Mas, há mais: "Os trabalhadores sentem-se igualmente injustiçados por nunca lhes ter sido explicado como são contabilizadas as horas; e quando contabilizados os totais, não percebem porque são retiradas quantias (apresentadas como subsídios de vários tipos) aos 6,22euros que o trabalhador julgava ser o valor líquido a receber por hora. Enquanto descrevem a situação comprovam o que dizem mostrando os recibos de vencimento" (...) "O contrato prevê um horário flexível, em que o trabalhador é convocado de véspera. Da mesma forma, pode ser dispensado, se a mensagem pretendida pelo patrão for de penalização ou intimidação" (...) "Querem que a gente ande cada vez mais depressa, a colher as bagas com movimentos de braços sem parar. Estão em cima de nós a gritar: "Mais depressa, mais depressa", conta Thapa, também napalês, disposto a protestar" (...) "É muito duro. Estamos a trabalhar num ambiente quente, dentro das estufas, e só podemos beber a água que trazemos de casa. Às vezes por mais de oito ou dez horas. Se bebemos toda a que trazemos, pedimos, mas eles não nos dão, recusam. Se protestamos, chegam a mandar-nos para casa" (...) "Quem não cumpre o objectivo de encher um determinado número de caixas numa hora, ou percorrer uma determinada distância nesse mesmo intervalo, sem deixar uma só baga na árvore, é dispensado para o resto do dia e no seguinte, segundo o testemunho de alguns trabalhadores" (ibidem). Quem é dispensado, não tem direito a transporte para casa e tem de voltar a pé, muitas vezes quilómetros, até chegarem aos contentores onde a maior parte deles habita durante metade do ano. 

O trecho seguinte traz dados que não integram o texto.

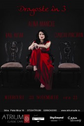 Vă aşteptăm la concertul de lansare al albumului “Dragoste în 3” miercuri, 23 noiembrie 2011, ora 21.00. Biletul de intrare este 25 lei. Rezervări se pot face la numerele de telefon 0269/242 000 sau 0723 ATRIUM.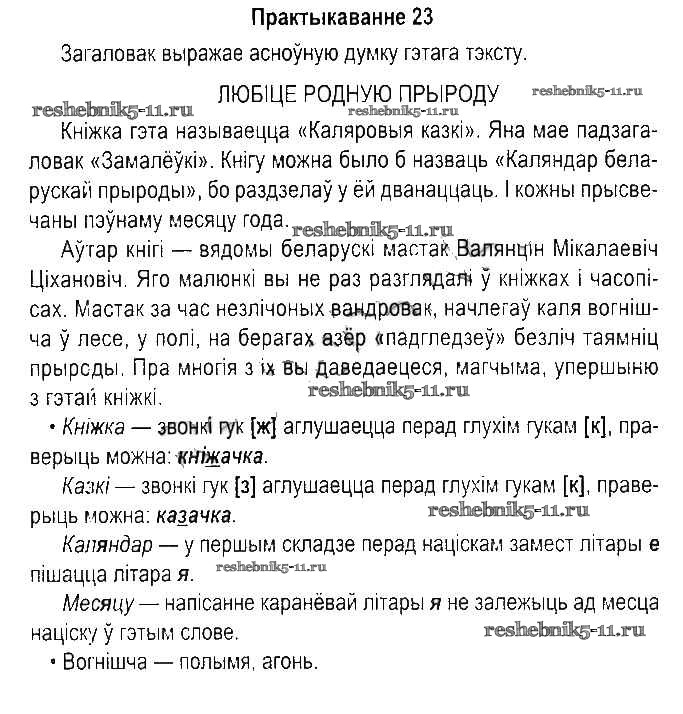 Белорусский язык за 5 класс Красней Учебник Национальный институт образования часть 1. практыкаванне 23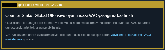 Peki VAC yedikten sonra Steam destek yazsam kalkması mümkün olur mu?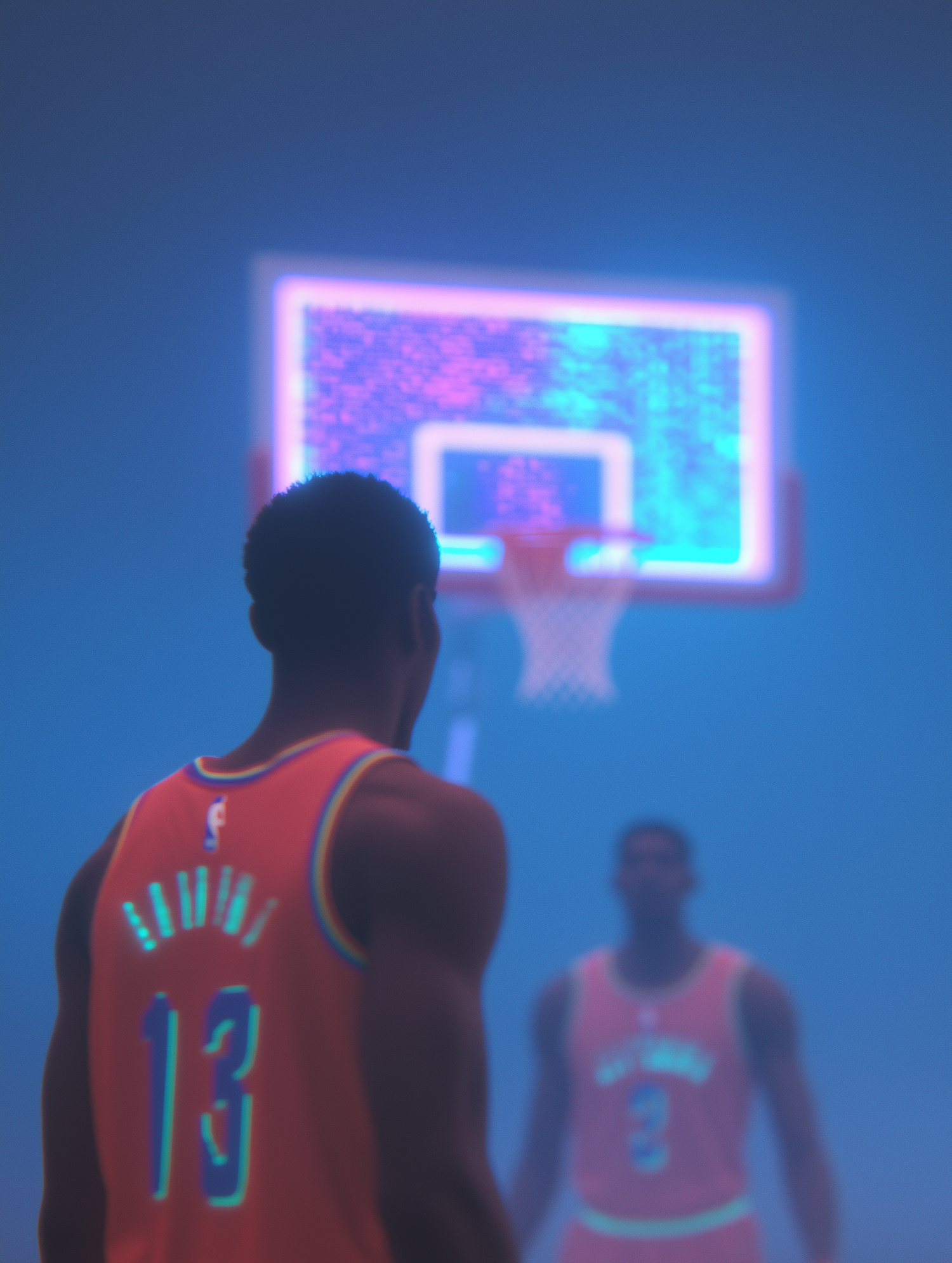 Two basketball players in neon-lit jerseys face each other in a blue-hued, atmospheric setting with a glowing hoop.
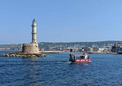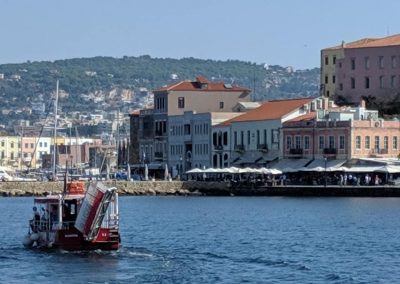 MARATHI – on the south coast of the peninsular a little further away. This is a small port with beaches both sides – one quieter with a beach taverna serving local fish. The views of Souda Island, Kalives and Almerida are lovely. The port also provides boat trips to Rethymnon.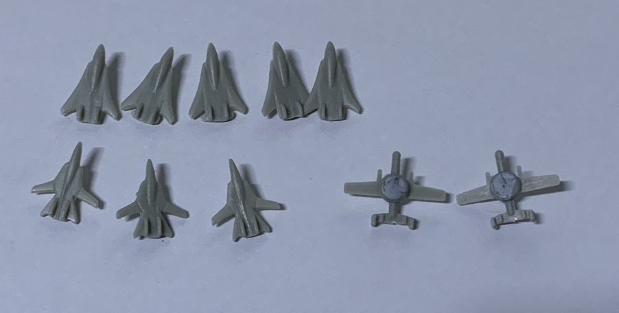 함재기는 날개를 접은 톰캣 5대, 날개를 편 톰캣 3대, 조기경보기 2대가 들어 있습니다. 조기경보기는 가운데에 수축이 있어서 퍼티를 바른 상태입니다.

Muito mais haveria para denunciar nesta história, que nos envergonha. Até ao ano passado ninguém "sabia", mas toda a gente convivia bem com esta triste e degradante realidade. Agora, toda a gente sabe e não há desculpas. Nem mesmo a do famigerado ministro Cabrita, ex-responsável pela Administração Interna que supervisionava os actos eleitorais e as autorizações de trabalho concedidas aos migrantes. Portugal, um país de (e)migrantes não pode esquecer e tratar mal os (i)migrantes que fazem o trabalho que nós não queremos fazer. Só denunciando e penalizando estas prática de negreiros, poderemos ter moral para proclamar princípios civilizacionais que devíamos tomar como referência.